Intersection of line through a plane

[goonking]

Homework Statement

Where does the line through (−2, 3, 2) and (3, 5, −1) intersect the plane x + y − 2z = 6?

Homework Equations

The Attempt at a Solution

i used r = r0 + tv

the vector between the 2 given points is <5,2,-3>

r = (-2,3,2) + t<5,2-3>

x = -2 + 5t y=3+2t z=2 - 3t

plugging these into the plane given: -2+5t + 3+2t -2(2-3t)= 6

solving for t , t should equal 9/13 if my algebra is correct.

plugging into the parametric equations , the point of intersection should be (19/13 , 57/13, -1/13)

can someone check all this?

 

[ehild]

Homework Statement

Where does the line through (−2, 3, 2) and (3, 5, −1) intersect the plane x + y − 2z = 6?

Homework Equations

The Attempt at a Solution

i used r = r0 + tv

the vector between the 2 given points is <5,2,-3>

r = (-2,3,2) + t<5,2-3>

x = -2 + 5t y=3+2t z=2 - 3t

plugging these into the plane given: -2+5t + 3+2t -2(2-3t)= 6

solving for t , t should equal 9/13 if my algebra is correct.

plugging into the parametric equations , the point of intersection should be (19/13 , 57/13, -1/13)

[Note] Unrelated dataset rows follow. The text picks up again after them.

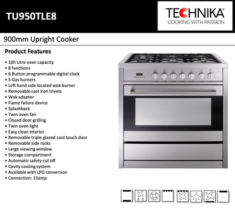 $1,599.00$2,899.00Unit price /UnavailableTechnika TU950TLE8 90cm Dual Fuel Freestanding Stove - Seconds Discount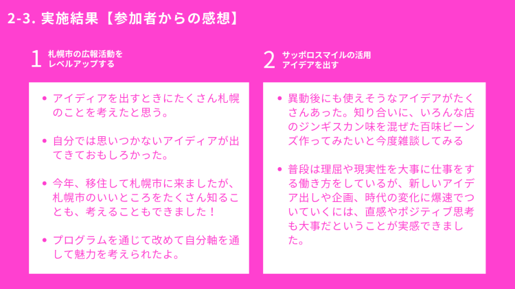「今年、移住して札幌市に来ましたが、札幌市のいいところをたくさん知ることも、考えることもできました!」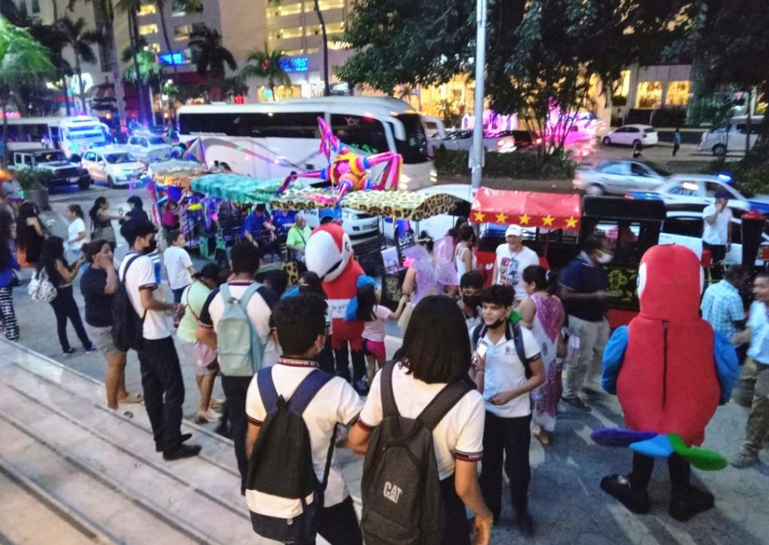 Una fiesta colorida y de diversión fue la que vivieron niños, niñas, jóvenes y adultos, acompañados por las botargas Papa y Gayo, recorriendo la principal avenida del puerto, mientras los comerciantes obsequiaban pases y cortesías de lo que ofrecen en el parque Papagayo.

can someone check all this?

It is correct. Nice work.

 

[Mark44]

Homework Statement

Where does the line through (−2, 3, 2) and (3, 5, −1) intersect the plane x + y − 2z = 6?

Homework Equations

The Attempt at a Solution

i used r = r0 + tv

the vector between the 2 given points is <5,2,-3>

r = (-2,3,2) + t<5,2-3>

x = -2 + 5t y=3+2t z=2 - 3t

plugging these into the plane given: -2+5t + 3+2t -2(2-3t)= 6

solving for t , t should equal 9/13 if my algebra is correct.

plugging into the parametric equations , the point of intersection should be (19/13 , 57/13, -1/13)

can someone check all this?

It's not that hard to check it for yourself, and it's a good habit to get into. You can do this by verifying that the point you found is on both the line and on the plane.

To verify that the point is on the line, find the value of t so that 19/13 = -2 + 5t, 57/13 = 3 + 2t, and -1/13 = 2 - 3t. The same value of t should work in all three equations.

To verify that the same point is on the plane, confirm that 19/13 + 57/13 - 2(-1/13) = 6.